Tuesday 21st August 2012

  Artist's impression of Cassini at Saturn

Prof Carl Murray from Queen Mary University of London admitted at the start of his talk that "I've got one of the best jobs in the world". He came to tell us about "The View from Saturn" and concentrated mainly on Cassini which is a NASA spacecraft currently in orbit around the gas giant. He is involved with the imaging instruments on Cassini known as the Imaging Science Subsystem (ISS) which consists of both a wide-angle and narrow-angle CCD camera.

The second largest planet in our Solar System has been studied by many ancient cultures including the Babylonians. However, it was not until the invention of the telescope that the rings were spotted when Galileo, in 1610, noted the appearance of what he thought to be two moons on each side of the planet. Later, another famous astronomer Christian Huygens improved upon his observations by using a telescope with greater magnification and saw a solid ring.

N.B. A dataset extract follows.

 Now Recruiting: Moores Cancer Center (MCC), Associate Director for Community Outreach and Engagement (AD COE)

Huygens also discovered Saturn's largest moon Titan and in time other large moons were discovered as imaging technology improved. Titan is the second largest moon is the Solar System and is a very unusual moon in that it has an appreciable atmosphere and liquid on its surface. Apart from Earth it is the only other body to have a dense nitrogen-rich atmosphere.

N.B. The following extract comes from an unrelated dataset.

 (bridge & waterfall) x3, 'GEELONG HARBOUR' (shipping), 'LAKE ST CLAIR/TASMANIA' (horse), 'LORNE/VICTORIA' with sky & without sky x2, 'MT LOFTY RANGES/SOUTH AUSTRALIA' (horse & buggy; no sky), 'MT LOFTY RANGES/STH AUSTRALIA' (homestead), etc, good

However, it is a very inhospitable place with surface temperatures hovering around -180 C and with methane lakes and rain. Its atmosphere rotates faster than its surface and it has a permanent atmospheric vortex at its south pole. Pictures of the surface were obtained when a probe called Huygens, which had hitched a ride there on the Cassini spacecraft, sent back data. It saw a dark plain covered in rocks and pebbles which were made of water ice.

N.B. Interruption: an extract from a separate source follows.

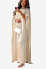 This women’s long sleeve maxi dress features a floor-length silhouette with soft draping that creates a continuous visual line. The loosely structured fit and smooth surface texture are designed for settings such as evening gatherings or formal events. Intended for wearers who prefer full coverage with balanced proportions, this design complements a range of accessories and styling options.

Perhaps one of the most fascinating aspects of the Saturnian system is the mini solar system of small moons and rings. There are over 60 moons circling the planet in and around the nested sets of rings and Prof Murray's interest lies in Saturn's F Ring.

This ring of mainly water ice is the outermost discrete ring and most dynamic with its features changing within a timescale of hours. Discovered in 1979 by the Pioneer 11 spacecraft, it is just a few hundred kilometres wide and is maintained by two shepherd moons. These moons, Prometheus and Pandora orbit just inside and outside it and effectively corral it into its slender ring-like shape. When examined more closely it appears to consist of two parts: a core ring structure surrounded by a spiral strand.

Sometimes Prometheus' orbital path actually enters the inner edge of the F Ring repeatedly and pulls a stream of material from within it, leaving a set of dark channels within the ring. It is not only the larger moons that can disrupt the rings shape. Smaller objects orbiting within the ring itself known as "snowballs" can pull out a bright stream of material from the ring. Researchers have dubbed these protrusions "mini-jets".

 

This article was written for the club news column of the Stratford Herald. The actual lecture explained the subject at a deeper level.